I agree, that's really strange to advise to disable JavaScript since so many websites use that.
But what the author of the article is right about is that MS could do more to strengthen windows security than they actually did. the new components they introduce do almost nothing to protect the system, I mean what's the use in that security center - another set of annoying reminders? If I dont' switch the reminders off, for example, when virus definitions are out of date I get 3(!) notifications: from the sec. center, norton antivirus and zonalarm:) I don't care about IE enhancements, because it's been months since I launched IE last time. and every sane internet surfer already has a third party firewall instaled and won't be satisfied with the bundled windows firewall.
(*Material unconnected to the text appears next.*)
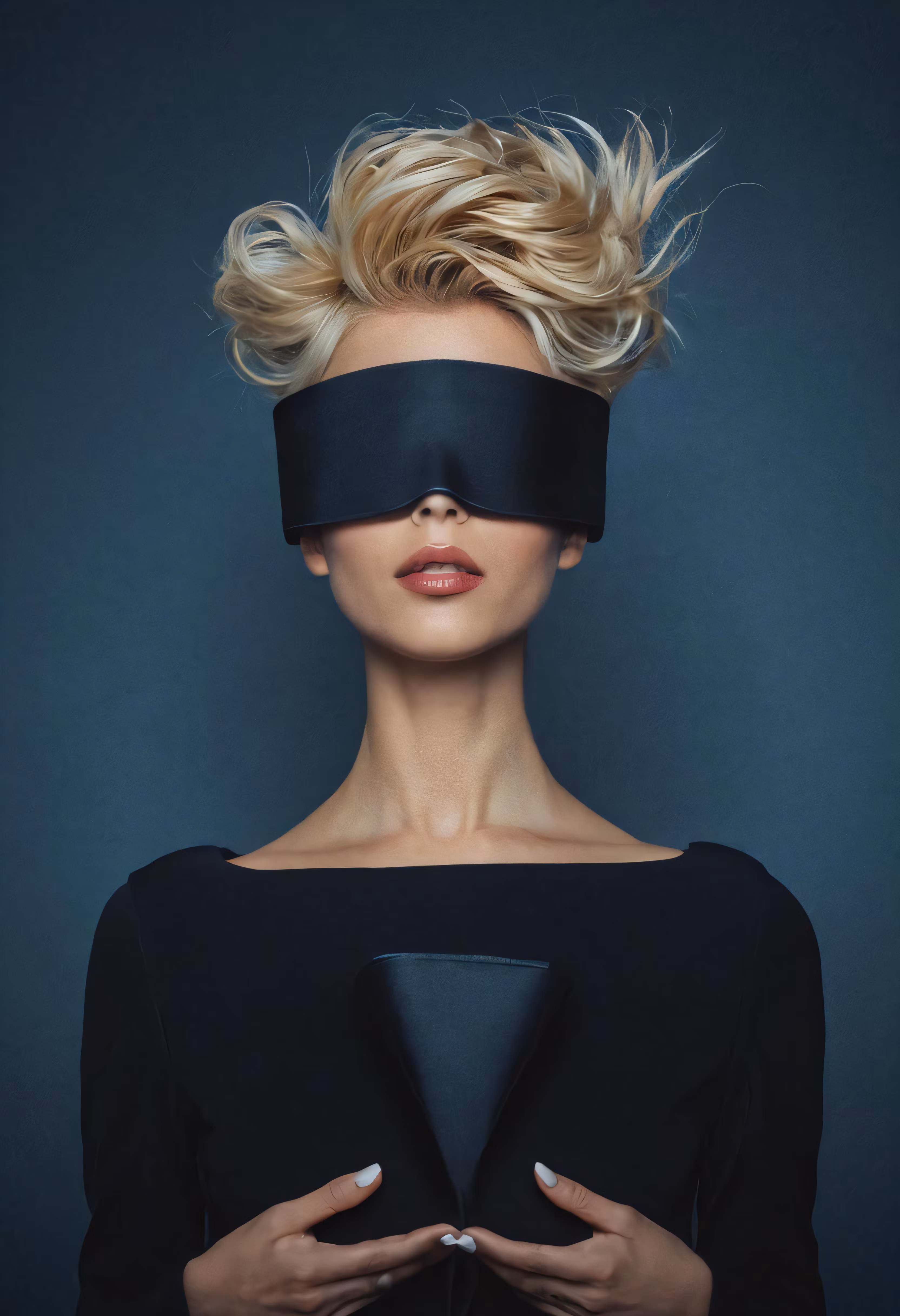 High resolution picture, free to use, blonde woman wearing blindfold over her eyes looking down

I just hope there are many not-so-obvious useful fixes in SP2:)

I found out something else the Security Center does last night. Windows Update released a couple of service packs for the .NET framework stuff. Since I use a couple of .NET apps, I installed the updates. They wanted a reboot, but I was busy, so I hit Reboot Later. Security Center noticed that, appearantly, and started popping up a "You need to Reboot" message about once every 15 minutes. Hit the "Reboot Later" and it goes away, only to come up again 15 minutes later. Annoying as hell, that is. I may disable the Security Center entirely because of it.

Yes, I see the reasoning, however getting in the users face like that does not make them comply, it makes them figure out how to disable the warning messages. Not a good approach to take if you want true security. If they'd instead figured out a way to install updates so I didn't have to reboot, then I'd say they did something worthwhile.

I disagree. It surely won't guarantee compliance from everyone, but will make users think about it and I believe most average users would reboot instead of finding ways to disable the warnings.

To me disabling the warnings does not seem like a wise decision, even for the experienced user. I think that the extra-work caused by a reboot is worthy when compared to a possible hack or worm infection.

No offense, it's just my personal opinion.